What is required: In the records below, find the lines that include "with" and copy each.
[[ Material for this exercise, beginning ]]
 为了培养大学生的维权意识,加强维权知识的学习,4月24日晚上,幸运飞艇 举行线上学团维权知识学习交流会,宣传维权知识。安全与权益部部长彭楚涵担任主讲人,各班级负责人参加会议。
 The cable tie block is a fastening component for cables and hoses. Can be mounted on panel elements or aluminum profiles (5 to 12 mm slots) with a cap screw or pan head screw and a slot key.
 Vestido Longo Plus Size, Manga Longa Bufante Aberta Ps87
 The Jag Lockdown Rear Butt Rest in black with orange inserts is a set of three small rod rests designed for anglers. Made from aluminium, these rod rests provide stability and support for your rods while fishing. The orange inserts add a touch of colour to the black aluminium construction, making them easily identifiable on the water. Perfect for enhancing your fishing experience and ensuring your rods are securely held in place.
[[ Material for this exercise, end ]]
[[ Material for this exercise, beginning ]]
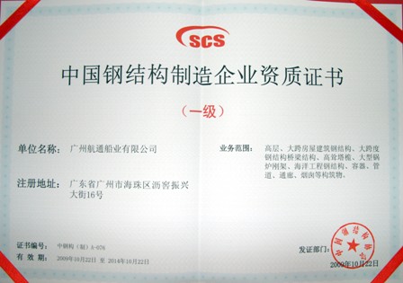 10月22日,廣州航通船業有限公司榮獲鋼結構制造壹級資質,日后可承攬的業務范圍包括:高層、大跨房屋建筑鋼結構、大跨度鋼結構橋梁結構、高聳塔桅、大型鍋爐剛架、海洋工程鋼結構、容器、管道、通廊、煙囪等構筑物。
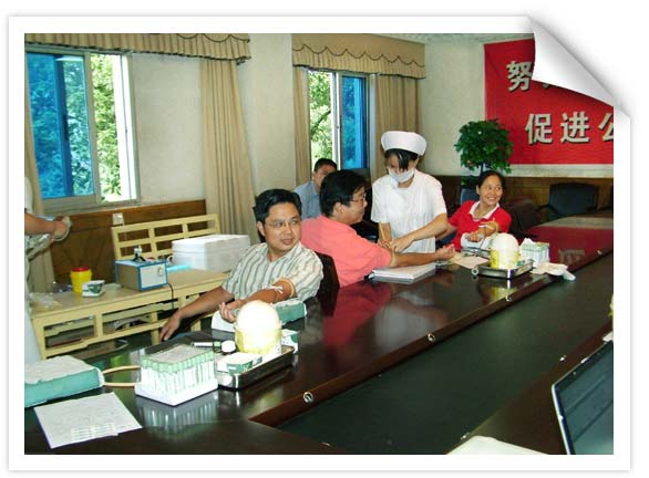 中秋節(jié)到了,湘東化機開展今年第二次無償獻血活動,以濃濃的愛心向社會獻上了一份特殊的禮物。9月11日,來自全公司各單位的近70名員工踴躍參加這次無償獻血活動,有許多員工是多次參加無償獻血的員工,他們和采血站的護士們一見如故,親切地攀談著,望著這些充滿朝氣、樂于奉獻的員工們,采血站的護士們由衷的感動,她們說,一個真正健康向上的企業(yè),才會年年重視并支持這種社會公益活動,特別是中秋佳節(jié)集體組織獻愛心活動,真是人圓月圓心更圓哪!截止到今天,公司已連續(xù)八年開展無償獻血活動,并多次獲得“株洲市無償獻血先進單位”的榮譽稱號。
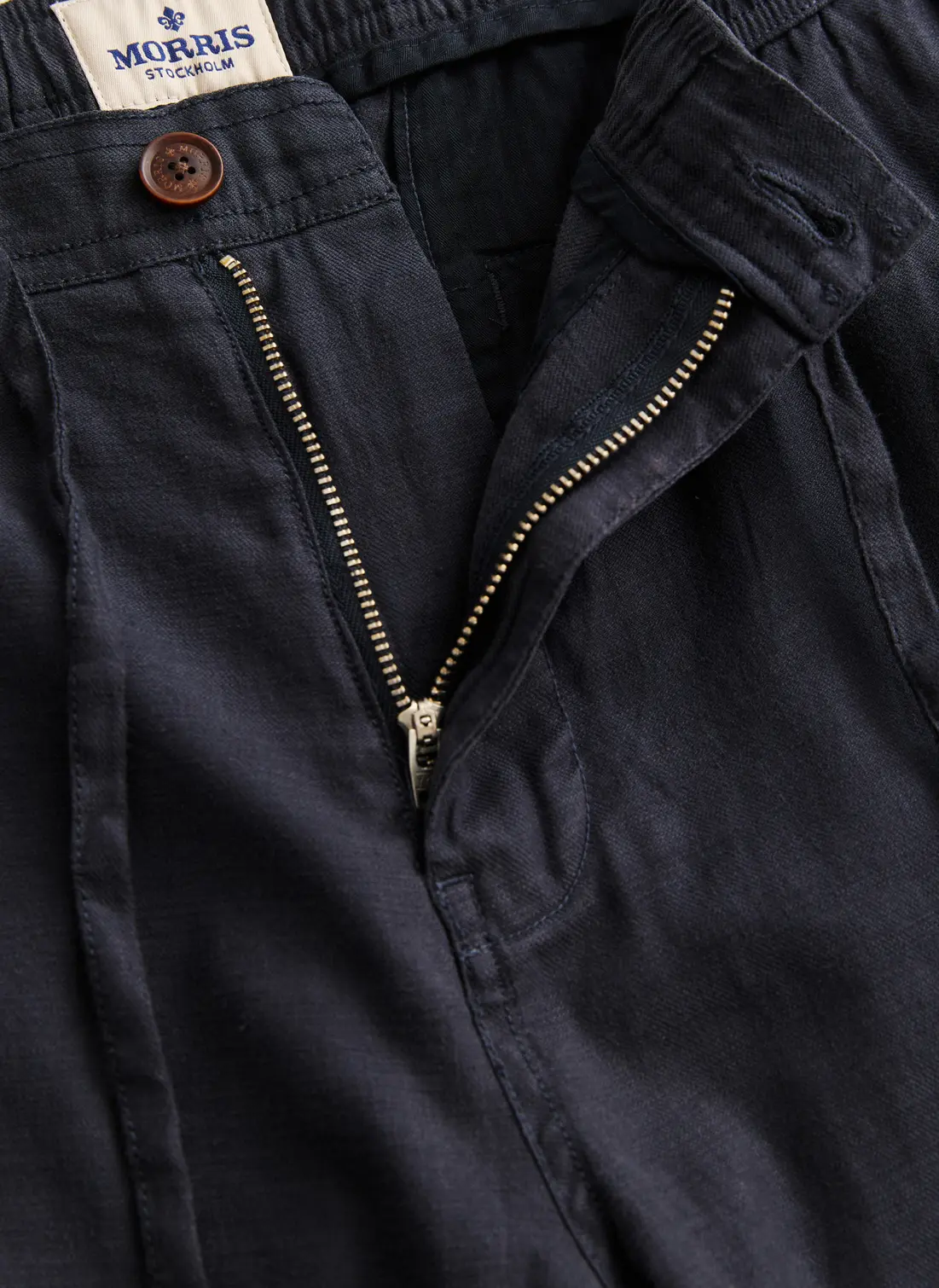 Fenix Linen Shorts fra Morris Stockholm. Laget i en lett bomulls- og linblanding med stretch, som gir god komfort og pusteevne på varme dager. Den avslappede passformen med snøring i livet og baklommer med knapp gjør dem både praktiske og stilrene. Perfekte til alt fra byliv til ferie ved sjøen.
[[ Material for this exercise, end ]]
[[ Material for this exercise, beginning ]]
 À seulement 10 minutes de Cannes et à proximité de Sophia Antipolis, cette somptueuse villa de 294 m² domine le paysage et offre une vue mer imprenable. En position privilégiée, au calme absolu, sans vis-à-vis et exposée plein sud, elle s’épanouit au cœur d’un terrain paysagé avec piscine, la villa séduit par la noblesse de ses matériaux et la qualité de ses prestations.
[[ Material for this exercise, end ]]
Answer box:
 The cable tie block is a fastening component for cables and hoses. Can be mounted on panel elements or aluminum profiles (5 to 12 mm slots) with a cap screw or pan head screw and a slot key.
 The Jag Lockdown Rear Butt Rest in black with orange inserts is a set of three small rod rests designed for anglers. Made from aluminium, these rod rests provide stability and support for your rods while fishing. The orange inserts add a touch of colour to the black aluminium construction, making them easily identifiable on the water. Perfect for enhancing your fishing experience and ensuring your rods are securely held in place.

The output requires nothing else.